__What is needed__.
Retype nothing except the lines below from the one with "2018年06月01日 04:57】美濃地方では、1日昼前まで濃霧による視程障害に注意してください。#気象警報注意報 #岐阜県" through the one with "此次《国家绿色低碳先进技术成", exactly, with images left out.

__Dataset excerpt__.
╔══

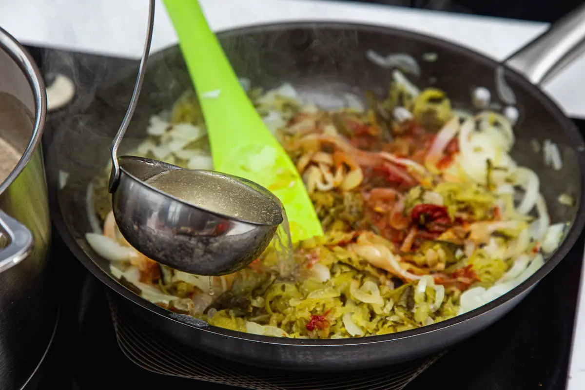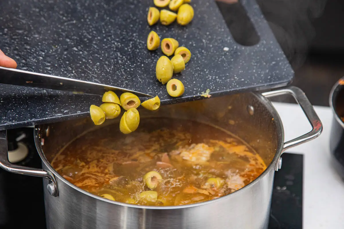 В конце добавьте оливки, поперчите, доведите до кипения и выключите огонь.
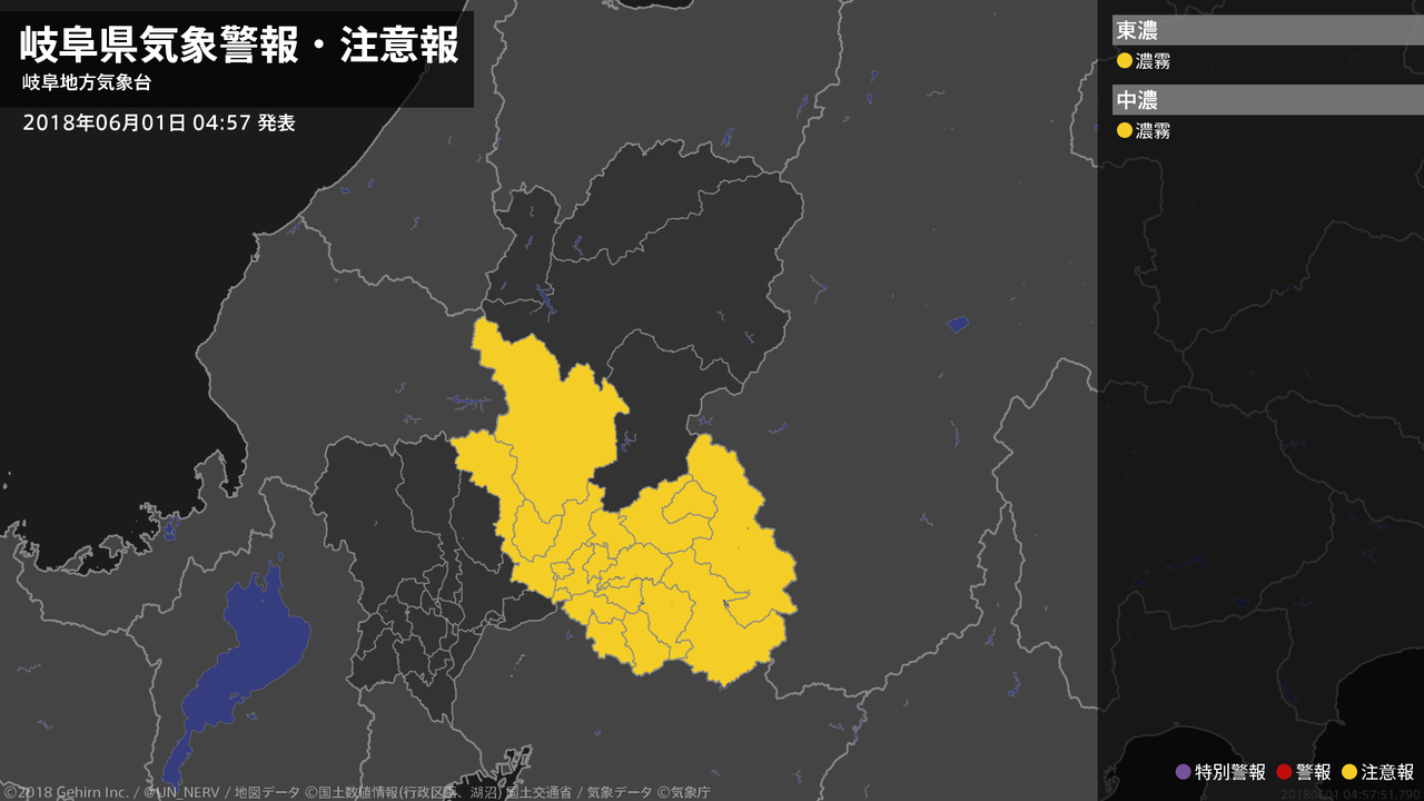 【岐阜県 気象警報・注意報 2018年06月01日 04:57】美濃地方では、1日昼前まで濃霧による視程障害に注意してください。#気象警報注意報 #岐阜県
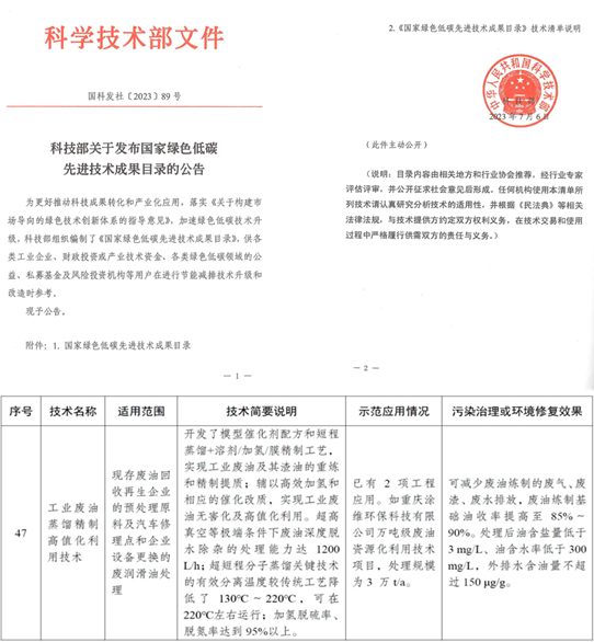 此次《国家绿色低碳先进技术成果目录》共收录六个领域85项技术成果,其中固体废物处理处置及资源领域23项(包括有机固体废物、生活垃圾、危险废物、大宗工业固体废物等),入选技术成果具有减污降碳效果明显、技术知识产权明晰、技术风险可控和创新性突出的特点,体现了绿色低碳技术发展的主要方向。该成果的入选,是对122cc太阳集成游戏废油中心在废油资源化领域科技研发水平的高度认可。
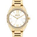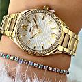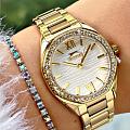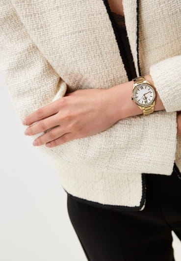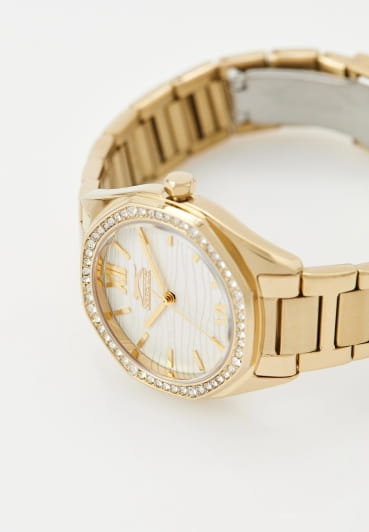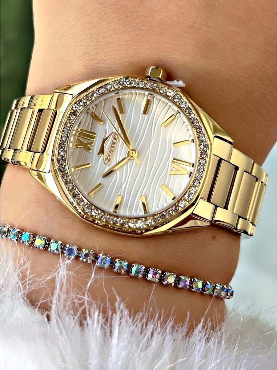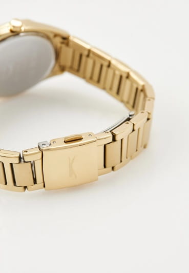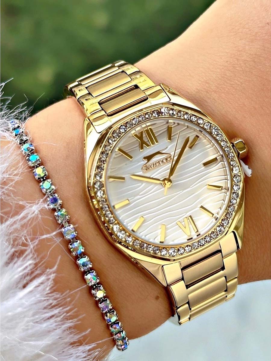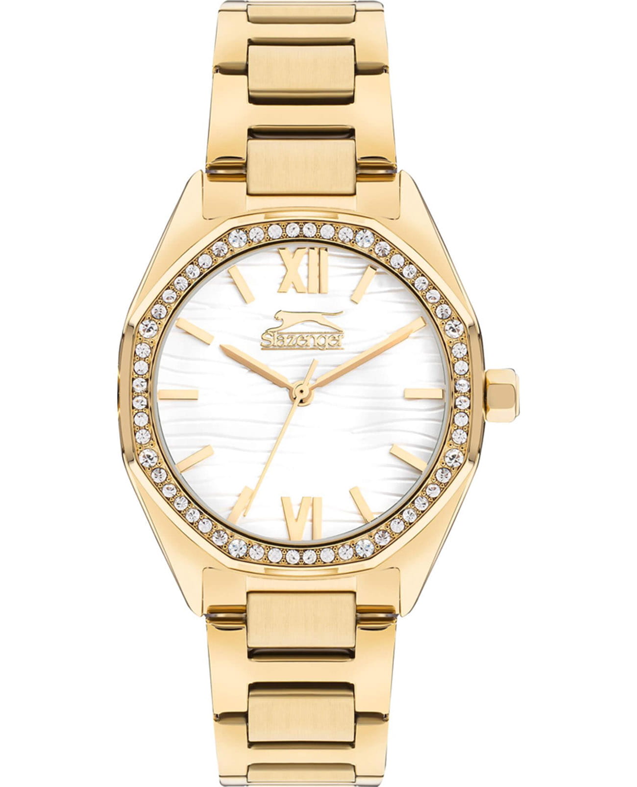 Женские кварцевые часы Slazenger SL.09.2301.3.08 — это элегантный и изысканный аксессуар, подчеркивающий стиль и утончённость. Корпус и браслет выполнены из суперметалла с IP-покрытиемIP-покрытиеМетод ионного напыления. Демонстрирует повышенную устойчивость к истиранию, окислению и химическим веществам. Под воздействием высокого давления и температуры около 1500°C молекулы металла надёжно соединяются с частицами корпуса часов., защищён минеральным стекломМинеральное стеклоМинеральное стекло представляет собой искусственно выращенный минерал кварца. Такое стекло отличается особой устойчивостью к повреждениям и царапинам. Уступает по некоторым качествам сапфировому стеклу.. Циферблат белого цвета с волнистым рельефным рисунком оформлен штриховыми метками и римскими цифрами VI и XII, дополнен логотипом бренда. Безель гранёный, украшен паве из фианитов, придающих модели изысканное сияние. Заводная головка — граненая, добавляющая детали дизайна. Браслет из суперметалла фиксируется на раскладной застёжкеРаскладная застёжкаТакой тип застёжки используется только на браслетах из металла. Она никогда не раскрывается полностью, происходит разделение на 2 и более частей. Раскладывающая застёжка снизит вероятность потери часов к минимуму., обеспечивая надёжность и комфорт ношения. Водонепроницаемость 30 м позволяет использовать часы в повседневных условиях, защищая от случайных брызг и капель дождя. Модель идеально подходит как для повседневного, так и для торжественного образа.

╚══

__Written response__.
 【岐阜県 気象警報・注意報 2018年06月01日 04:57】美濃地方では、1日昼前まで濃霧による視程障害に注意してください。#気象警報注意報 #岐阜県
 此次《国家绿色低碳先进技术成果目录》共收录六个领域85项技术成果,其中固体废物处理处置及资源领域23项(包括有机固体废物、生活垃圾、危险废物、大宗工业固体废物等),入选技术成果具有减污降碳效果明显、技术知识产权明晰、技术风险可控和创新性突出的特点,体现了绿色低碳技术发展的主要方向。该成果的入选,是对122cc太阳集成游戏废油中心在废油资源化领域科技研发水平的高度认可。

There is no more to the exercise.